● TO DO
Could you print the stretch of lines below from the one with "Gri denim kumaştan, grunge" through the one with "The stationary Boltzmann", exactly as they stand and without any pictures?

-- THE DATA follows --

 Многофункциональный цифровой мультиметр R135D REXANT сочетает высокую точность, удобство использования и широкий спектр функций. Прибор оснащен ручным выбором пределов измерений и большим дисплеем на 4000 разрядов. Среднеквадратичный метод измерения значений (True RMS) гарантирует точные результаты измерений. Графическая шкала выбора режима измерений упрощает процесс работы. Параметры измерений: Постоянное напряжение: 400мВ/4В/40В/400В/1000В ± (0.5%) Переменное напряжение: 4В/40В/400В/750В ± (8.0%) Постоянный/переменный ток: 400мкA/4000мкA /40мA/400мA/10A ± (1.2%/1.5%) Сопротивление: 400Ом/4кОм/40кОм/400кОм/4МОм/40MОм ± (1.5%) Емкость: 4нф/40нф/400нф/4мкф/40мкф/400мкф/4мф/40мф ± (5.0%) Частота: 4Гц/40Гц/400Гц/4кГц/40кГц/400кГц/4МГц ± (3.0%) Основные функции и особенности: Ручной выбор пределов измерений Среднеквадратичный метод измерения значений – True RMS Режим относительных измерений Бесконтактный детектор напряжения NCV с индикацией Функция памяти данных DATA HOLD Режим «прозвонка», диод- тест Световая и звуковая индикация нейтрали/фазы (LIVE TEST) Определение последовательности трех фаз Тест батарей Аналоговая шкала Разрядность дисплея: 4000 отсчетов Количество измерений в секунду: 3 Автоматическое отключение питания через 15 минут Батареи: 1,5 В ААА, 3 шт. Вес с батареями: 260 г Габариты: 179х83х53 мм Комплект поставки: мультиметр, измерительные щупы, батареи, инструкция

-- THE DATA concluded --
-- THE DATA follows --

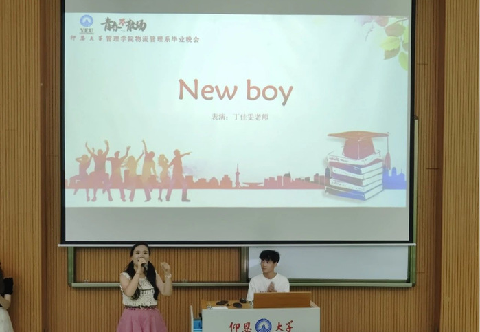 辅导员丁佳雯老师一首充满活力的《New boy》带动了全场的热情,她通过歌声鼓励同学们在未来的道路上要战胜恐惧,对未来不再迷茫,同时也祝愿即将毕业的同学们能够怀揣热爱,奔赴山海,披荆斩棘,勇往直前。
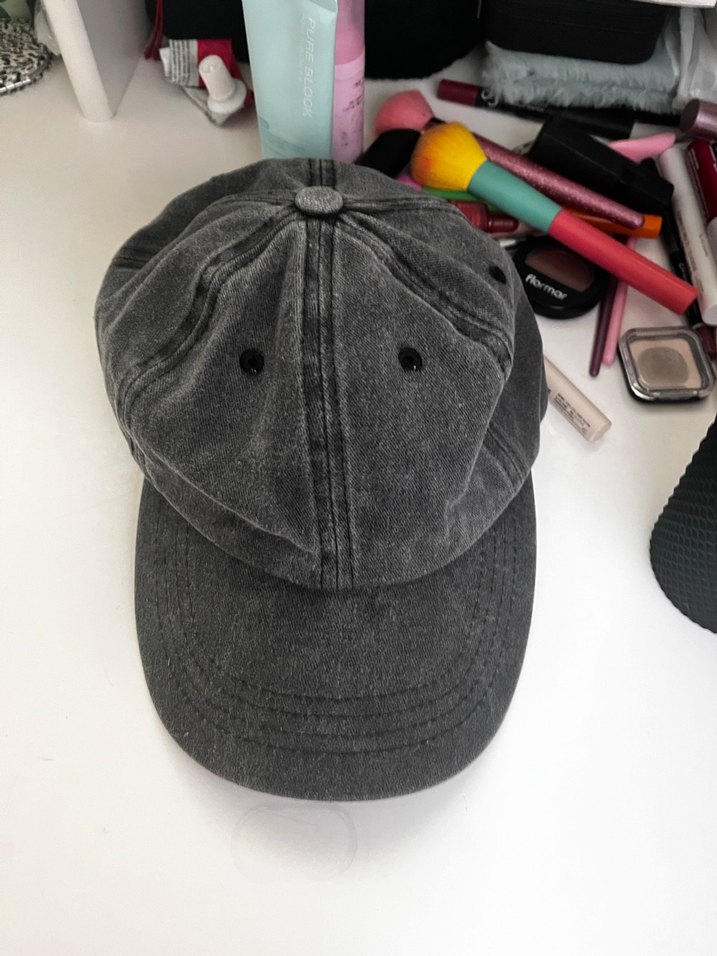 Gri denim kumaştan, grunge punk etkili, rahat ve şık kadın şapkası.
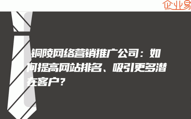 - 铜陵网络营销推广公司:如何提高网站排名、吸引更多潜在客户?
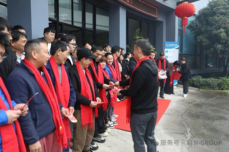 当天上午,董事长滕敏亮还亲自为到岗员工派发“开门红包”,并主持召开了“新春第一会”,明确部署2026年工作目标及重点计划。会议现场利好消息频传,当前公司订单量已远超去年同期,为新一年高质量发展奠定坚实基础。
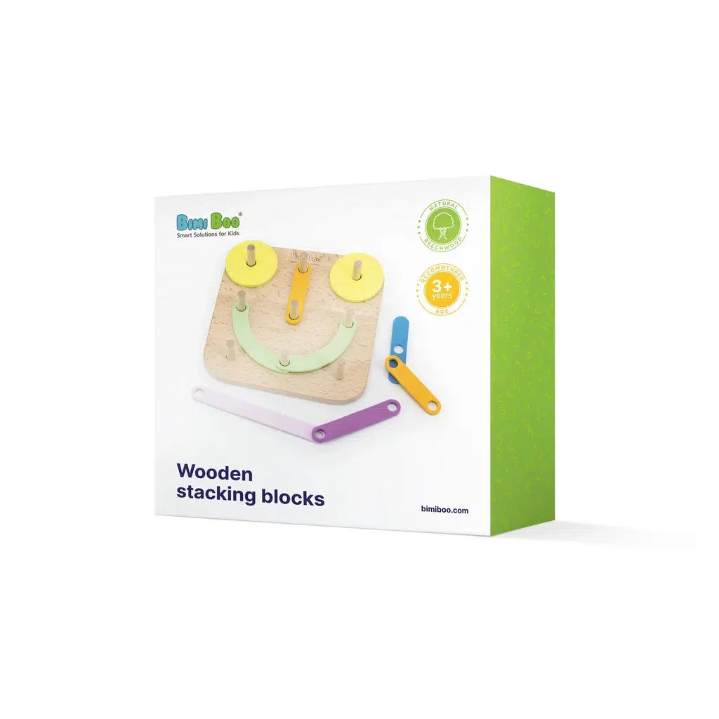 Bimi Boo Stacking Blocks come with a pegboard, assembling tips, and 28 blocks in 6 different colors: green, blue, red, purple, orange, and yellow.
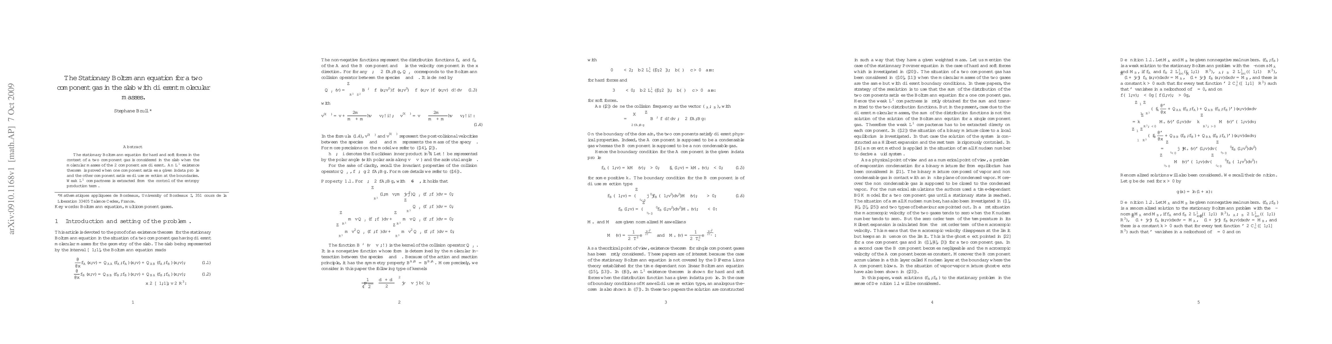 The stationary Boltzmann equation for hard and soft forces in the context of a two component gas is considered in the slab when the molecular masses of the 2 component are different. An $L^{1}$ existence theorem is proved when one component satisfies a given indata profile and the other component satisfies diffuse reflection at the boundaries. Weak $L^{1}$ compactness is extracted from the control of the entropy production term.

-- THE DATA concluded --
-- THE DATA follows --

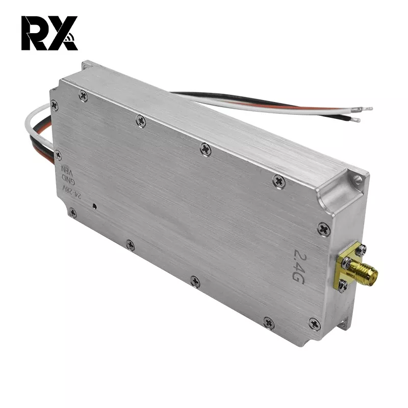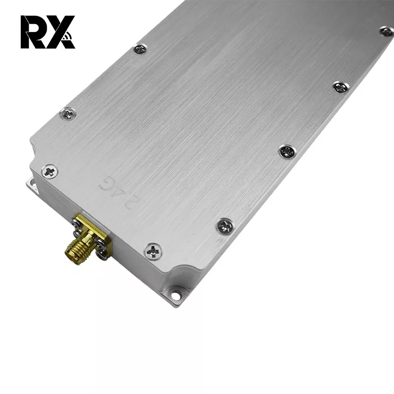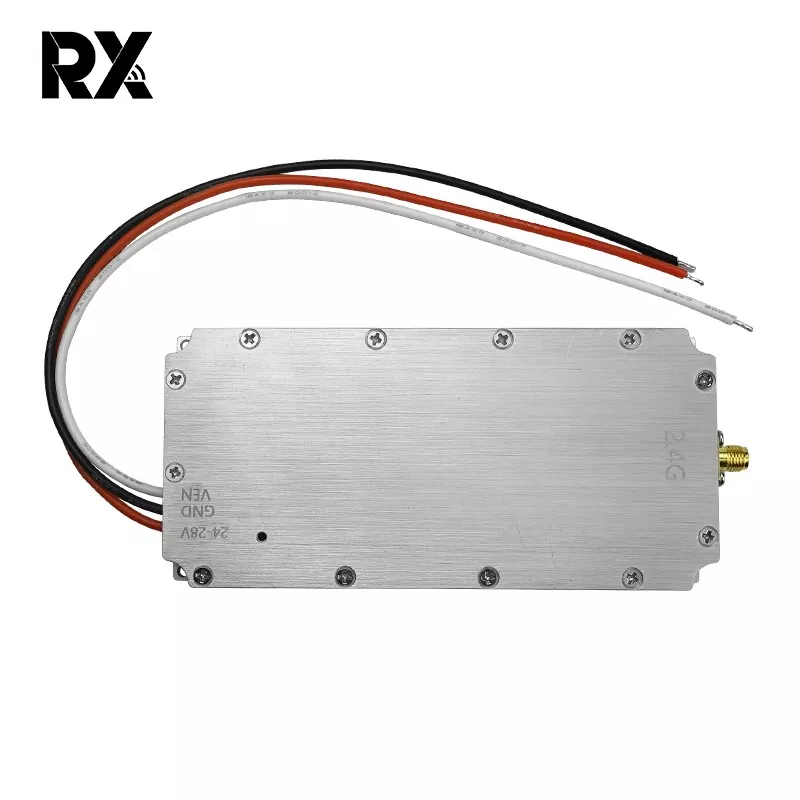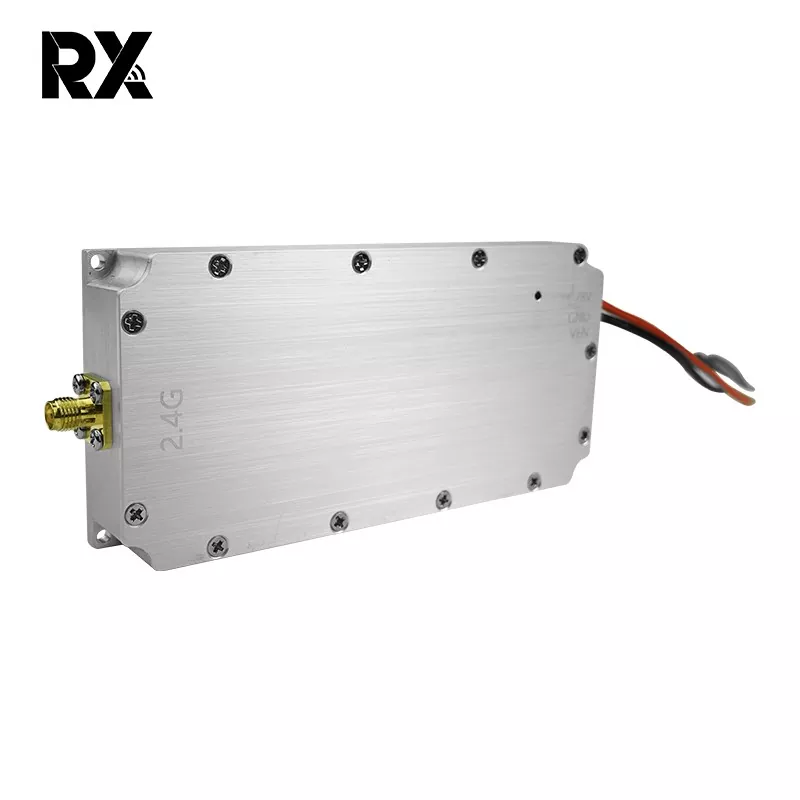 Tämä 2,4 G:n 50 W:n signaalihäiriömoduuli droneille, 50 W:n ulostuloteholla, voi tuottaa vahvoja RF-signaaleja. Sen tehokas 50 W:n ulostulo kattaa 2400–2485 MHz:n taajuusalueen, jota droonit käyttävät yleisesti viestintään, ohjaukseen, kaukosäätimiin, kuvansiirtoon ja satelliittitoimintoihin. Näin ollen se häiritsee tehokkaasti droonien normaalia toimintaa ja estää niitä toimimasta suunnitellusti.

-- THE DATA concluded --

● EXPECTED ANSWER
 Gri denim kumaştan, grunge punk etkili, rahat ve şık kadın şapkası.
 - 铜陵网络营销推广公司:如何提高网站排名、吸引更多潜在客户?
 当天上午,董事长滕敏亮还亲自为到岗员工派发“开门红包”,并主持召开了“新春第一会”,明确部署2026年工作目标及重点计划。会议现场利好消息频传,当前公司订单量已远超去年同期,为新一年高质量发展奠定坚实基础。
 Bimi Boo Stacking Blocks come with a pegboard, assembling tips, and 28 blocks in 6 different colors: green, blue, red, purple, orange, and yellow.
 The stationary Boltzmann equation for hard and soft forces in the context of a two component gas is considered in the slab when the molecular masses of the 2 component are different. An $L^{1}$ existence theorem is proved when one component satisfies a given indata profile and the other component satisfies diffuse reflection at the boundaries. Weak $L^{1}$ compactness is extracted from the control of the entropy production term.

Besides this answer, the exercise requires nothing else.